• Exercise brief:
Using the listing below, please count the lines that contain the string "John". Only the number is wanted.

• Records to use:
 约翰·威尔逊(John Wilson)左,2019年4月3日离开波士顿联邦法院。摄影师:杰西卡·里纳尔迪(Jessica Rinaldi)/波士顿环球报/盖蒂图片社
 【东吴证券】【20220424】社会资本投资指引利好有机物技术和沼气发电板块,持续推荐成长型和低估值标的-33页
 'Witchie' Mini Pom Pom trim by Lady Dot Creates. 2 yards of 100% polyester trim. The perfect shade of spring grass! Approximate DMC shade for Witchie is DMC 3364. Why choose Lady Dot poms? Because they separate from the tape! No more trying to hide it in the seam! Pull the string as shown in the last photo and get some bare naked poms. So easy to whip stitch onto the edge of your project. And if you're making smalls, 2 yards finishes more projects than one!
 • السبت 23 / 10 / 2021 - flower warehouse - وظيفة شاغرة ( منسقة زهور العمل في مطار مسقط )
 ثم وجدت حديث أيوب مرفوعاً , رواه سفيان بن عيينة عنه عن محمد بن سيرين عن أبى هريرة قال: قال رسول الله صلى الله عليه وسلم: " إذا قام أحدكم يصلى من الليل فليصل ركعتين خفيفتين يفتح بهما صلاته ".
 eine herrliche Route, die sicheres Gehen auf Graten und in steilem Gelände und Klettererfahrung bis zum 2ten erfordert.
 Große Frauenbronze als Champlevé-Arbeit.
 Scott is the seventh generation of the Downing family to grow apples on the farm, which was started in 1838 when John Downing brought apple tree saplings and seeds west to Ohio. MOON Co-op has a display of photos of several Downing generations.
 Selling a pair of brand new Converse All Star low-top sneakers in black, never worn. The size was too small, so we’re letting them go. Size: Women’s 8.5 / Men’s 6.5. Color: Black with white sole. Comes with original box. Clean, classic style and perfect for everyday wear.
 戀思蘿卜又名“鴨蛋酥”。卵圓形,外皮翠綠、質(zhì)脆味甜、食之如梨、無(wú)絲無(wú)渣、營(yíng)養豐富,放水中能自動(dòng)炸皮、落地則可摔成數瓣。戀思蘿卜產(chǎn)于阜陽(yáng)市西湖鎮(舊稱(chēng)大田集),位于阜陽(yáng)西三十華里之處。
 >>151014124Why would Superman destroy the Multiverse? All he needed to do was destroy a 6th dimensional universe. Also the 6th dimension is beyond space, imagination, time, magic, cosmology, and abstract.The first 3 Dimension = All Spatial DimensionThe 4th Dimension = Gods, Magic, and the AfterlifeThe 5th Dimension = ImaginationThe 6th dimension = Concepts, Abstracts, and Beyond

• Exercise response:
2